As China Dominates Drug Manufacturing, Expert Says US Should Protect Medicine as a Strategic Asset

By Paul Huang

As Chinese companies increasingly dominate manufacturing in the global pharmaceutical market, an expert says it is high time for U.S. policy makers to start treating medicine as a strategic asset and to ensure the American public has a healthy reserve of essential drugs laid by for a time of crisis.

Rosemary Gibson, a senior advisor at the Hastings Center, said on May 7 that it would be a grave mistake for United States to rely on a single country to make drugs that Americans rely on for their health and basic survival.

That country is China, which has been rapidly expanding its pharmaceutical manufacturing industry and is now the maker of thousands of drugs found in U.S. hospitals and pharmacies. The Chinese regime has a plan to be the “pharmacy of the world,” according to Gibson, and could soon overtake India as the dominant manufacturer of generic drugs.

In April, The Epoch Times reported on Gibson’s new book, “China RX: Exposing the Risks of America’s Dependence on China for Medicine,” co-authored with Janardan Prasad Singh. The book documents what led to the U.S. dependence of Chinese-made drugs. It details how the Chinese regime has overtaken, and in some cases, put out of business, many key U.S. and global drug companies by undercutting and stealing from competitors, and cutting corners.

On Monday Gibson again talked about her new book at the Milken Institute School of Public Health at George Washington University, and said that U.S. policy makers need to take immediate steps to change the current approach to regulating medicine, which treats it as “no more important than T-shirt.”

“We need to view medicine as a strategic asset, just like how we view oil and energy supply,” Gibson said. “A strategic asset is something that will make our country fall apart—if we don’t have it.”

Gibson warned that the rapidly growing dependence by the United States and the world on Chinese-made drugs could turned out disastrous if there is a “Fukushima event” in China. The Chinese regime could easily deprive Americans of essential drugs in the event of a conflict in East or South China Sea, for example.

In World War II, the U.S. federal government worked with American pharmaceutical manufacturer Pfizer to make sure there was enough essential medicine for the soldiers, especially penicillin, which saved tens of thousands of lives. When industry and government work together, they can make sure the country’s drug policy is consistent with national security, said Gibson.

Ironically, the manufacturing of penicillin is now practically monopolized by Chinese manufacturers, along with many other essential drugs, such as vitamin-C and heparin. Gibson’s book details how Chinese “drug cartels,” supported by the Chinese regime’s aggressive industrial policy, has seized control of global drug markets.

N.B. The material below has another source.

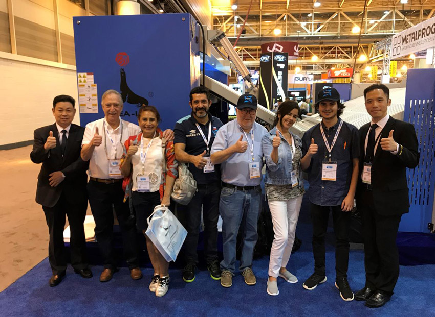 At that day ,Jiangsu Sea-lion Machinery Co.,Ltd general manager Wu shixin and executive deputy general manager Zhang jianfeng led the team ,showed XGQ-100CFQ automatic washer extractor、ZD3300-VB high speed flatwork folder、ZBQ3300III three station feeder .

Dan Slane, the former commissioner of the congressionally-mandated U.S.-China Economic and Security Review Commission (USCC), also said on the panel that U.S. government has to incentivize drug companies to manufacturer here, otherwise China “will wipe out everything.”

Citing India’s tense standoff with China over border dispute last year, Gibson said that Indian media has widely reported how the country’s growing dependence on China for drugs could make India vulnerable in the event of a conflict.

“Imagine an Indian soldier opens his first aid kit, finds out the emergency medicine inside is running out, and it is made by China,” Gibson said,  recalling a report that has been widely featured by Indian media that raised much alarm there. “We have yet to see a prominent article in U.S. media talking about our dependence on Chinese drugs.”

Discussing how the U.S. government could move to make medicine a strategic asset, Gibson said it is more important to ensure that U.S. industry has the continuous capacity to manufacture essential drugs in good quality and quantity, as compared to just stockpiling these medicines. Policy makers should also move to support greater innovation in drug manufacturing, Gibson said, as there haven’t been many advances in pharmaceutical technology in recent decades.